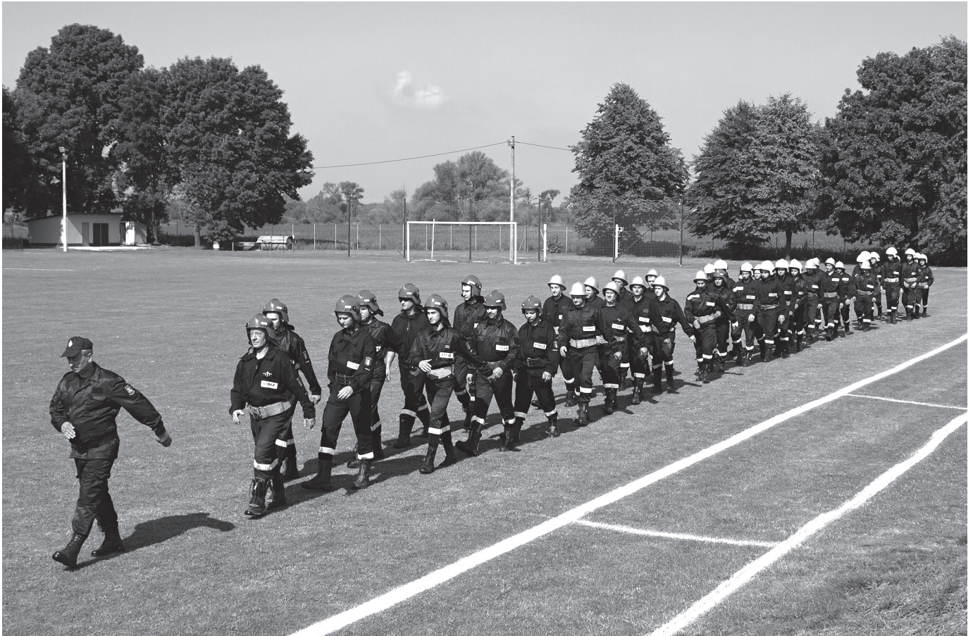
Przemarsz jednostek OSP

9 lipca 2017 r. na stadionie KS Szreniawa w Koszycach odbyły się Gminne Zawody Sportowo-Pożarnicze. W zawodach wzięły udział: OSP Koszyce, OSP Książnice Wielkie, OSP Łąpszów, OSP Przemyków, OSP Rachwałowice. Strażacy rywalizowali w sztafecie pożarniczej 7 × 50 m z przeszkodami, oraz ćwiczeniu bojowym. Dodatkową konkurencją była musztra.
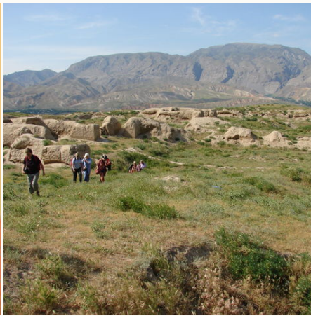
Die Ruinen von Pandschakent, Tadschikistan
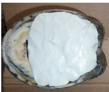
Abbildung 6: Abmessen der richtigen Polstermenge
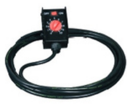
Optional REMOTE CONTROL 99810016 - 10 m 99810013 - 4 m
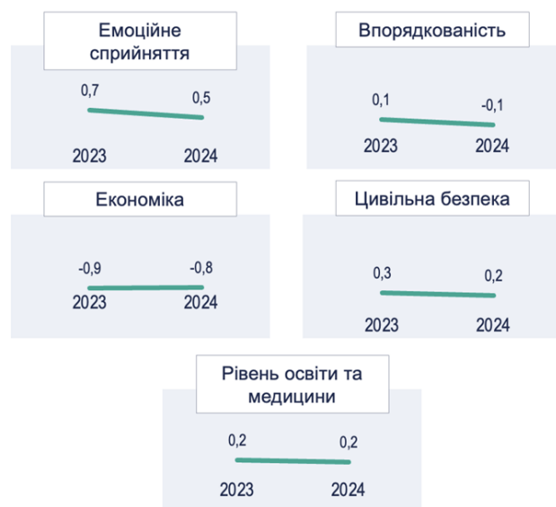
Рис. 1. Оцінка складових ІМБ: динаміка 2023 до 2024 рр.

Також у звіті, присвяченому результатам дослідження (Rating Lab, 2025), ми розглянули відмінності оцінок місцевого благополуччя за наступними ознаками: тип населеного пункту, вік, дохід; побудували рейтинг областей України за показниками індексу, за кожним критерієм-складником індексу. З'ясувалося, що тренди, характерні для вимірювання 2023 року, не втратили актуальності і в 2024: значення Індексу місцевого благополуччя в обласних центрах найбільше (0,4), у містах – помітно нижче (-0,2), а в селах – найнижче (-0,3); оцінки місцевого благополуччя знижуються з віком; оцінка місцевого благополуччя позитивно корелює з фінансовим становищем людини. Цього року до трійки регіонів з найвищим значення Індексу увійшли м. Київ (0,7), Харківська (0,4) та Львівська (0,3) області (у 2023 році до трійки увійшли м. Київ, Львівська та Івано-Франківська області). Натомість трійку регіонів з найнижчим місцевим благополуччям очолили Херсонська (-1,1), Запорізька (-0,6) і (-0,4) Сумська області (нижні сходинки рейтингу не зазнали змін після заміру в 2023 році).

○ ○ ○ ○ ○ ○ ○

Although the records above contain pictures, the copy should not; retype exactly the lines from the one containing "Die Ruinen von Pandschakent, Tadschikistan" through the one containing "Рис. 1. Оцінка".

Problem solution
Die Ruinen von Pandschakent, Tadschikistan
Abbildung 6: Abmessen der richtigen Polstermenge
Optional REMOTE CONTROL 99810016 - 10 m 99810013 - 4 m
Рис. 1. Оцінка складових ІМБ: динаміка 2023 до 2024 рр.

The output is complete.